Orbital skydiving is an occasional but recurrent trope in the Trek mythos, occurring in several novels; a scene cut from Star Trek: Generations has Chekhov and Sulu watching for Kirk while he falls from orbit to rendezvous with them. But it’s cropping up elsewhere: a similar moment occurs in the forthcoming GI Joe; at 1:51 minutes into the trailer, a Joe “ejects” from some orbital war machine and plummets — again headfirst — to the (this time urbanized) surface:
Such images call to mind The Man Who Fell to Earth, which used Apollo footage to imply that David Bowie’s Thomas Newton literally fell through the Earth’s atmosphere to a splashdown in a New Mexico lake.

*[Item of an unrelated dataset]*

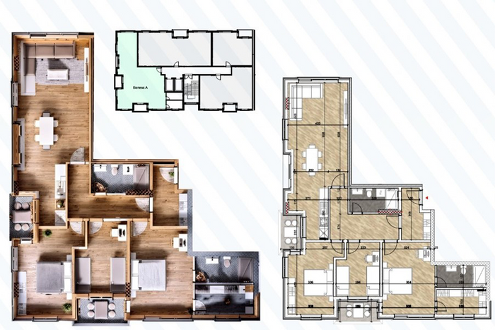 Two apartments are offered for sale, each with an area of 137.57m², located in Emshir, on "Pajazit Ahmeti" Street, in the Mercom Invest complex, built by Mercom Company.

What’s going on here? Why is everybody falling? In the more recent films, heroes rocket planetwards at unimaginable velocities; in full dive they whoosh along at the limit of control. But most of the mythology of falling involves other sensations: loneliness, fragility, eternity. Vertigo and falling are profoundly important figures in existentialism from Kierkegaard to Sartre; for Heidegger, falling is the great metaphor for anxiety, that emotion which recognizes the uncanniness of very Being. But falling’s roots are deeper; as Gaston Bachelard points, it’s one of the primordial fears. Perhaps more than a warning against hubris, the myth of Icarus and Daedalus is simply the earliest narrative treatment of the power of falling. In Bruegel’s famous painting, Icarus’ fall is unremarkable to the busy burghers, sailors, and ploughmen. We’re always already falling, the Dutch master seems to be saying.
For reasons too recondite to bother with here, any fall from true orbit would be fatal. But it is possible to come close. In 1960, pilot Joe Kittinger ascended for an hour and a half in the modified weather balloon Excelsior III. At an altitude of 102,800, he jumped.
As he stepped to the edge of his gondola, 99 percent of Earth’s atmosphere was beneath Kittinger’s feet. He achieved the highest manned balloon ascent and the longest free fall, and became the first human to break the sound barrier outside an aircraft. And yet at that altitude, there is no sensation of falling — only the emptiness of space and the Luciferian attraction of the planet’s brightness.
Star Trek and GI Joe are thrilling — but Joe Kittinger shows us that Bruegel and Heidegger may come closer to the explaining the fall.